The worst keys for performance are "id_module" and "id_flux". Fields declaration in data-config.xml

<field column="id_module" name="id_module" />
<field column="id_flux" name="id_flux" />

Fields declaration in myschema.xml

<field name="id_module" type="splitPipeTexte" indexed="true" />
<field name="id_flux" type="splitPipeTexte" indexed="true" />

Where "splitPipeTexte" is declared like this :

<fieldType name="splitPipeTexte" class="solr.TextField">
    <analyzer>
        <tokenizer class="solr.PatternTokenizerFactory" pattern="\|"/>
    </analyzer>
</fieldType>

I'm aware of that's a complex problem. With my post I search some reflections about this data system, or reacts about an error of conception. Not necessarily a complete solution.

Thanks !

1

There are 1 best solutions below

7
On BEST ANSWER

You are looking at this problem from the wrong end of the stick.
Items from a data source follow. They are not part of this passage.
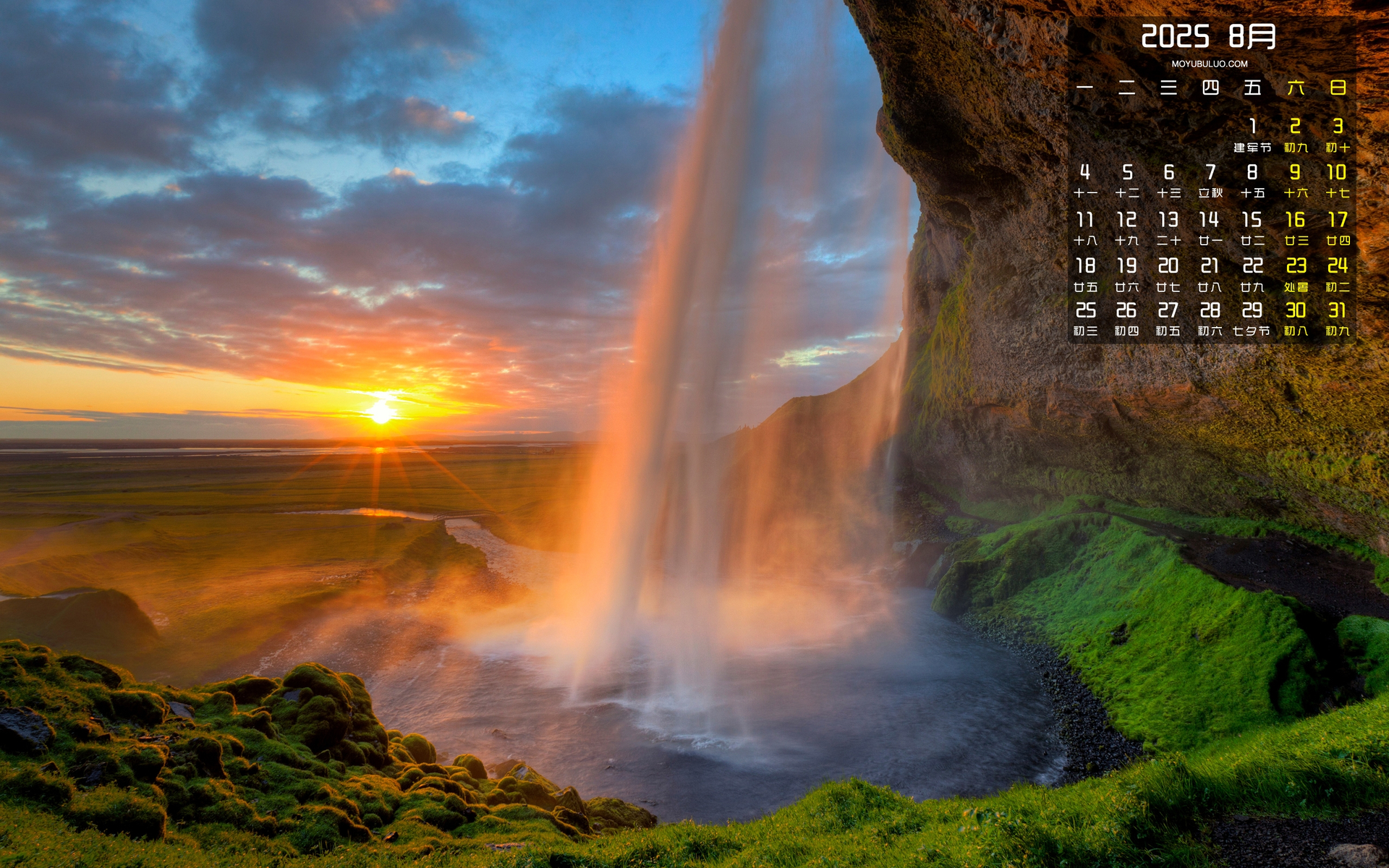 海上观音2025年8月份日历壁纸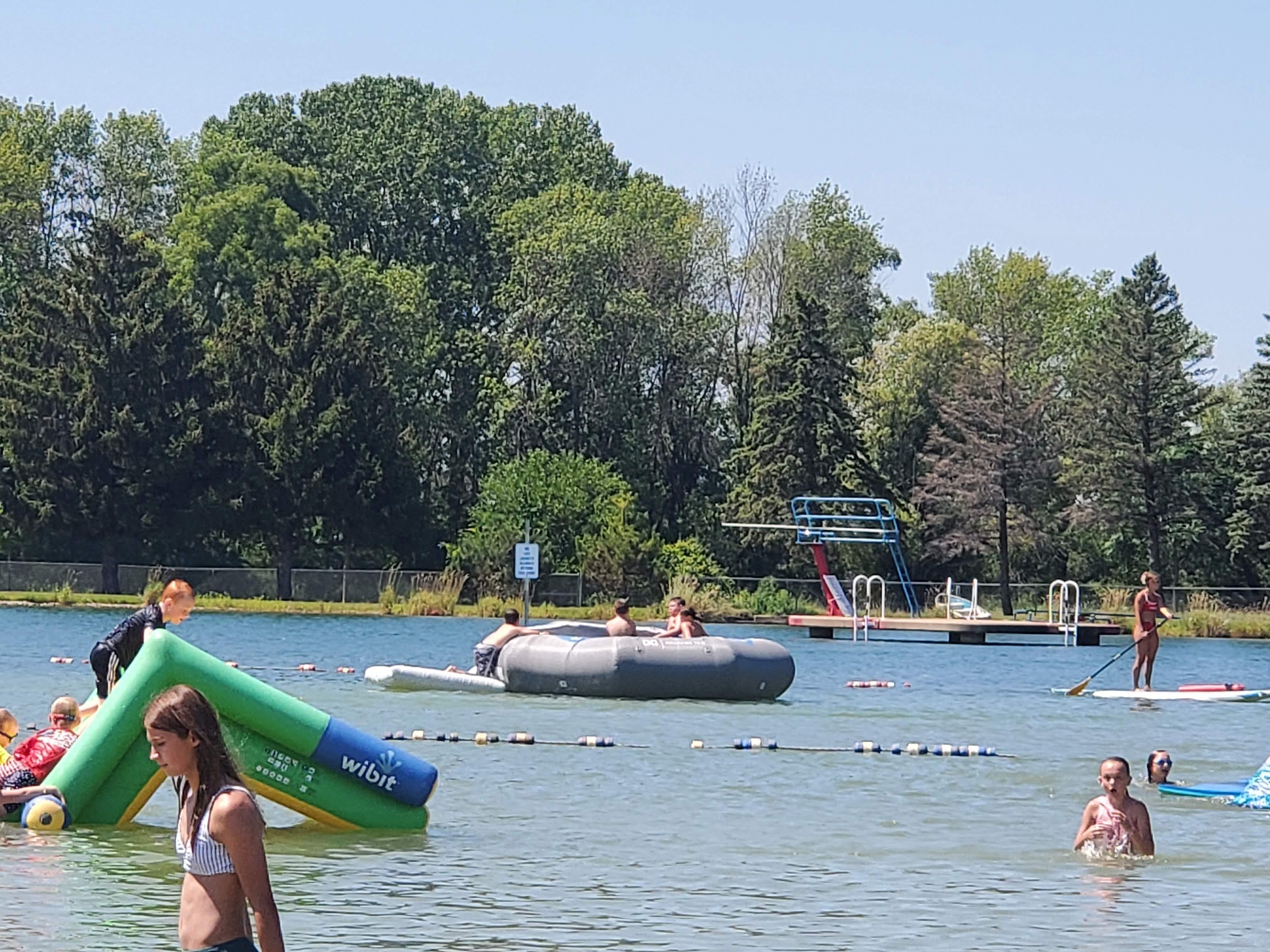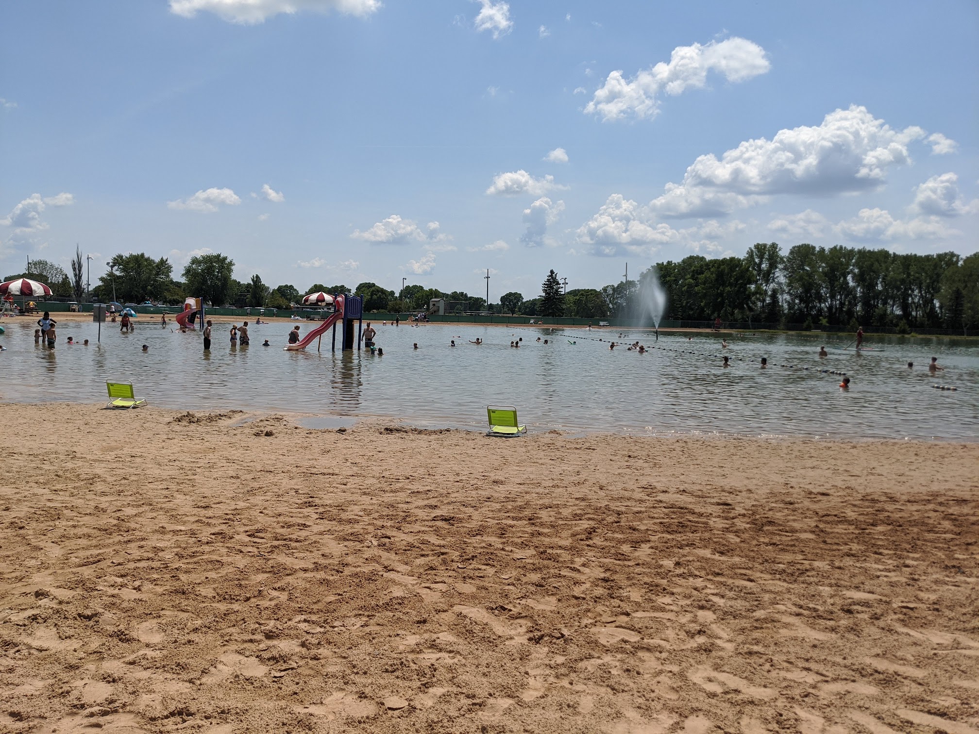 Sandy lake featuring swimming, a diving board, slides and a children's play area.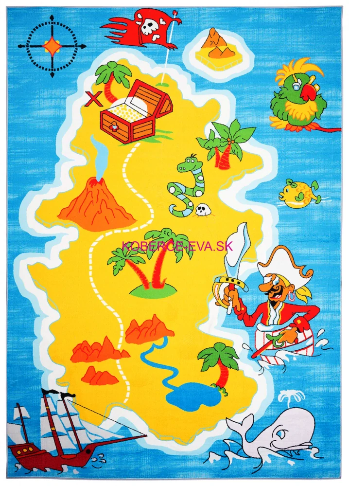 Detský koberec na hranie s potlačou ostrova je ako stvorený pre detskú izbu, vyrába sa z materiálu 100% Polyester na protišmykovej podložke s chemlonovým obšitím po celom obvode koberca a celkovou výškou 7mm, koberec má krátky vlas a jednoducho sa čistí.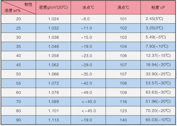 LM-4系列冰河冷媒由二元醇改性構(gòu)成,主要添加劑包括防腐蝕劑,防霉劑,增溶劑,水穩(wěn)劑等。外觀為淺色液體。安全低毒、無異味、不易燃、不易揮發(fā)。20℃時,原液密度為1.105~1.125g/cm',粘度為13.92mPa·s(cP),比熱為0.619cal/g℃,熱導(dǎo)率為0.26W/mK。沸點高于140℃,閃點高于120℃。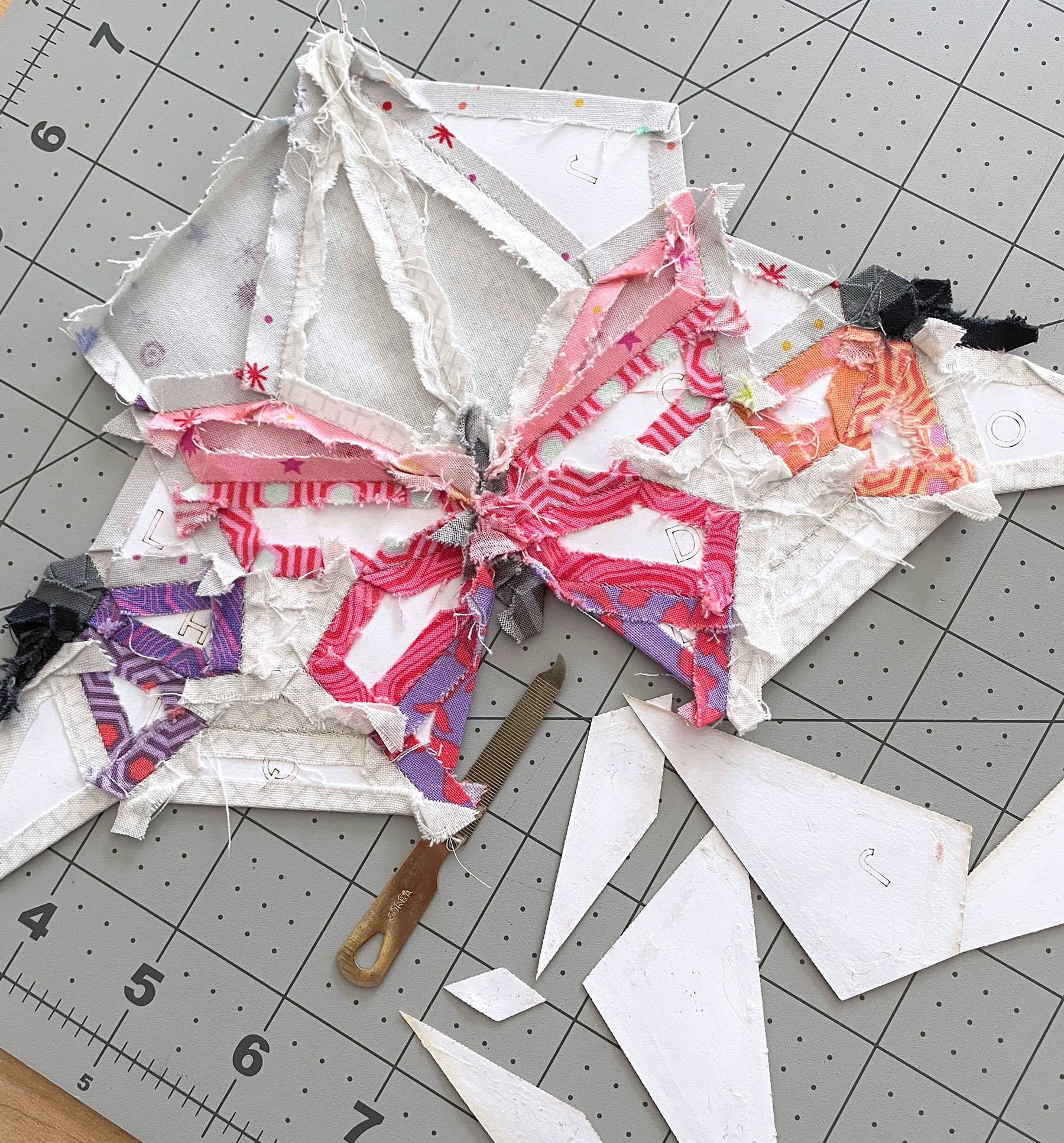 Hello friends! It’s time to wrap up the Butterfly Effect Sew Along and I want to thank you for patience with me in getting this last post up! I know many of you (including myself) are still sewing away on your piece and may be for some time, but today I’m sharing just a few short videos and some basic information about removing your basting papers and finishing your piece.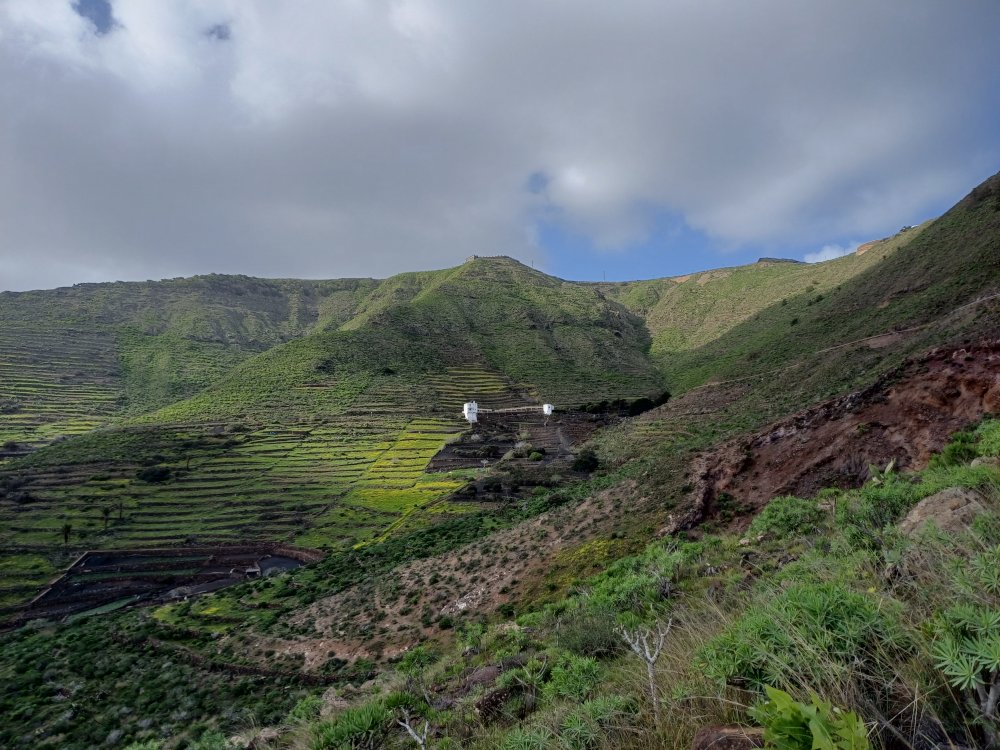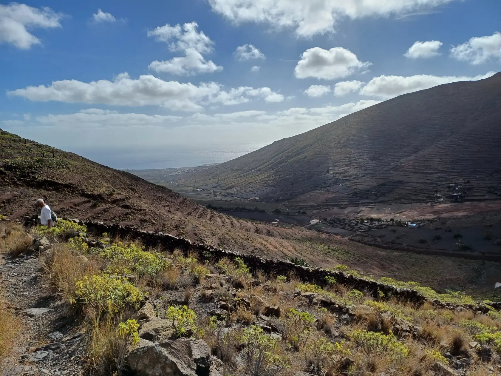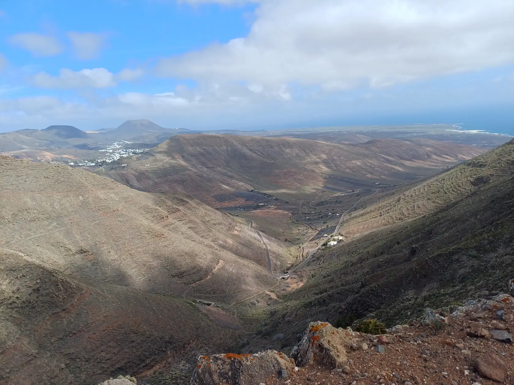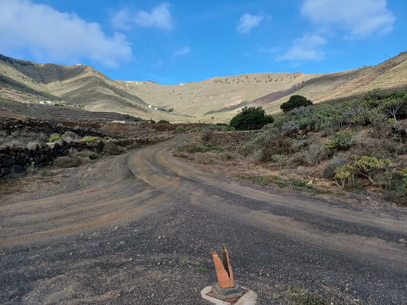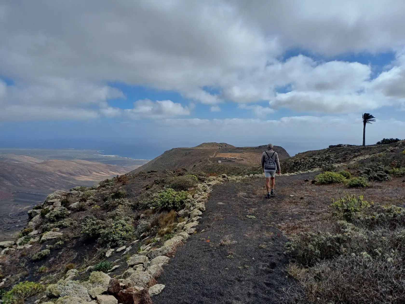 Schräg gegenüber vom Parkplatz geht es auf einem breiten Weg zunächst bergab bis zu einer Kreuzung. Dort links abbiegen und dem Weg aufwärts bis zur nächsten Abzweigung folgen, an der der Weg nach links knickt und es nach rechts auf einen Pfad geht. Dieser Pfad ist der Aufstiegspfad nach Haría, dem wir folgen. In Serpentinen geht es nun weiter bergauf. Der Pfad mündet in der LZ-207, wo wir uns links halten, um in die LZ-210 zu biegen, und dort in die ausgeschilderte Richtung Teguise & Arrecife.

You need to organize your data in Solr for search, not just try to map your structure.

Most probably you will flatten (denormalize) your structures into flat records. And, if you have very complex structures, you may end up storing your original information in a separate (graph?) database and returning just IDs from Solr. The more complex original structure is, the likelier that would be the case.